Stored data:
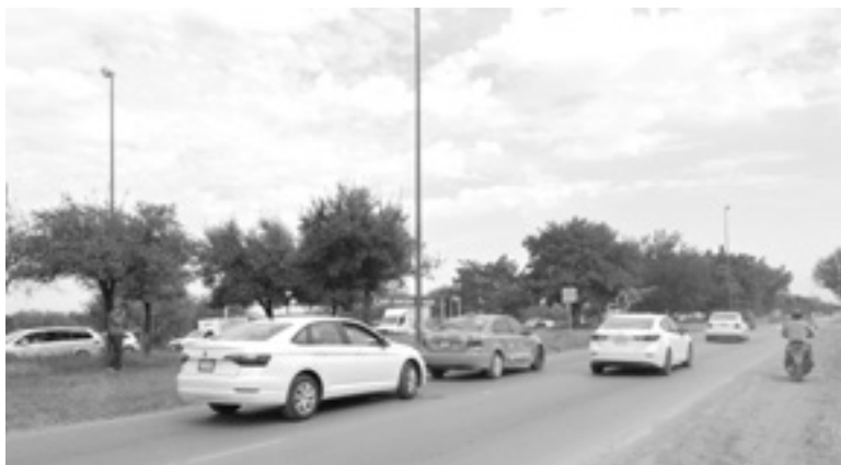
EL JETTA terminó involucrado en dos golpes.

Después de qué las partes dialogaron el responsable se retiró, sin embargo, el afectado al quedarse varado, otros automovilistas no se
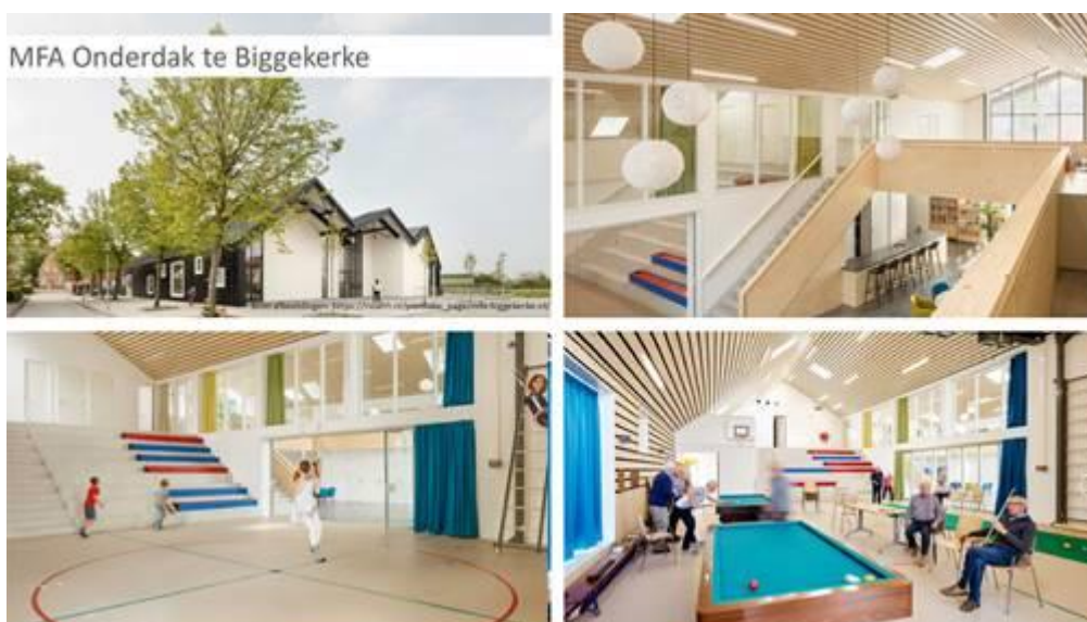
Figuur 1, inspiratie voor de nieuwbouw
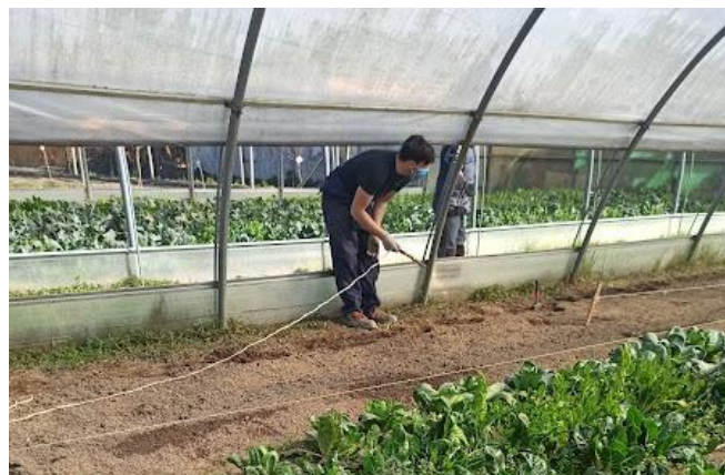
I Giardini di SCF

Per quanto riguarda i questionari di valutazione, è emerso in particolare che quasi tutti i partecipanti (6 su 7) hanno trovato utile l'Open Badge e vorrebbero che fosse rilasciato. Inoltre, molti hanno dichiarato di essersi sentiti bene quando sono state poste le domande, perché è stata chiesta la loro opinione e quindi si sono sentiti coinvolti nell'attività.
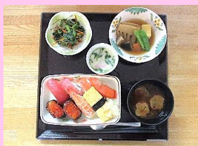
4/12 12周年 握りずし
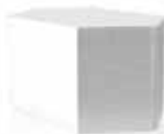
Пластинчатый противоточный рекуператор собственного производства
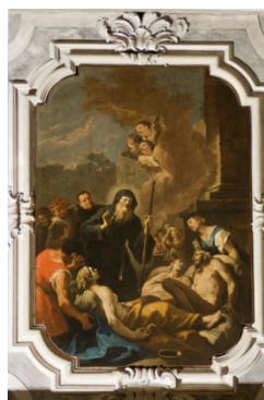
Slikovni prilog 6. Gaspare Diziani, Sveti Franjo Paulski pomaže oboljelima od kuge , 1730.-40., ulje na platnu, crkva Svetog Franje Paulskog, Venecija

Početkom četrdesetih godina 18. stoljeća Diziani se okreće prema Giambattisti Pittoniju, a njegov stil sazrijeva u bogat i fluidan način oblikovanja koji rezultira ciklusom

Exercise description: What this exercise asks for is every line of the data above with the word "Diziani".

Task response:
Slikovni prilog 6. Gaspare Diziani, Sveti Franjo Paulski pomaže oboljelima od kuge , 1730.-40., ulje na platnu, crkva Svetog Franje Paulskog, Venecija
Početkom četrdesetih godina 18. stoljeća Diziani se okreće prema Giambattisti Pittoniju, a njegov stil sazrijeva u bogat i fluidan način oblikovanja koji rezultira ciklusom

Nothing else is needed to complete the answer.